Post - Top - Home - Printer Friendly - Translate

Subject: RE: BS: Technological Dead-ends
From: john f weldon
Date: 02 Nov 07 - 12:26 PM

Books are still good, and will be for for a long time. If taken care of the last longer than some of the modern media. Burned CD - 10 years ave. Burned DVD - 5 yrs average.
Dead Sea Scrolls? 2000+ years?

Analog watches with digital innards, fine.
Old timex wind-ups (are any still working?) for the terminally future-challenged.
Rolexes for the obscenely rich & stupid.
Fake Rolexes for the gullible.
You know what you can use for a compass? A compass! They're still cheap!


Post - Top - Home - Printer Friendly - Translate

Subject: RE: BS: Technological Dead-ends
From: Rapparee
Date: 02 Nov 07 - 12:32 PM

Yup. I have several compasses: map, lensatic, pin-on. And I know how to use 'em, with and without a map, too. (I can also find direction by various other, non-compass, methods. Always handy to know, because compasses can be broken.)

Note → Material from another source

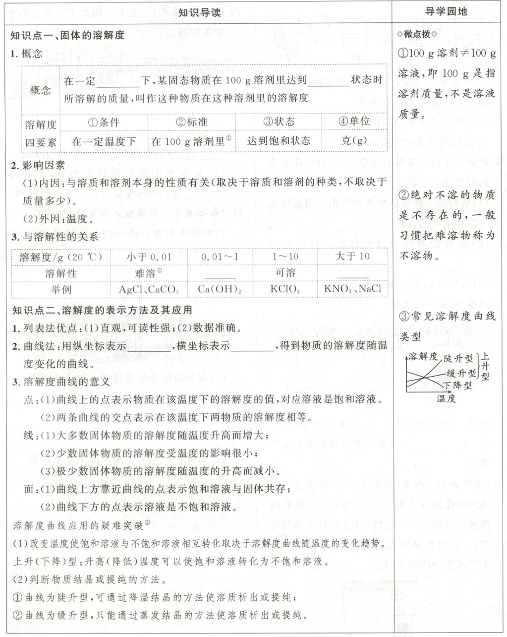 一、1.温度 饱和 3.微溶 易溶 二、2.溶解度 温度 三、饱和 小 大

Post - Top - Home - Printer Friendly - Translate

Subject: RE: BS: Technological Dead-ends
From: john f weldon
Date: 02 Nov 07 - 01:10 PM

I hope the human brain will be around for a while. It's nice to keep in mind some idea of the phase of the moon, position of the stars, a few general tricks that can keep you "located". Shadows! Triangulation! Some of that Boy Scout stuff still comes in handy!


Post - Top - Home - Printer Friendly - Translate

Subject: RE: BS: Technological Dead-ends
From: Rapparee
Date: 02 Nov 07 - 01:48 PM

Know how to estimate the width of a river if you only know the length of your pace (and you can't walk on water)?


Post - Top - Home - Printer Friendly - Translate

Subject: RE: BS: Technological Dead-ends
From: john f weldon
Date: 02 Nov 07 - 03:45 PM

Reminds me of the old test question; how do you tell the height of a building using a barometer?

Answer: Drop the barometer from the top and count off seconds till you hear the crash...

Uh... ...If I see a tree on the other side and walk along side till the tree seems about a 45 degree angle?


Post - Top - Home - Printer Friendly - Translate

Subject: RE: BS: Technological Dead-ends
From: Big Al Whittle
Date: 02 Nov 07 - 04:00 PM

I recall with pleasure that Timex advert whwere they used to tie the Timex watch to a horse's hoof, and send it over the jumps, and then they directed a hose pipe on it to wash off the mud, andsure enough the the Timex was still there tied to that very same horse's hoof.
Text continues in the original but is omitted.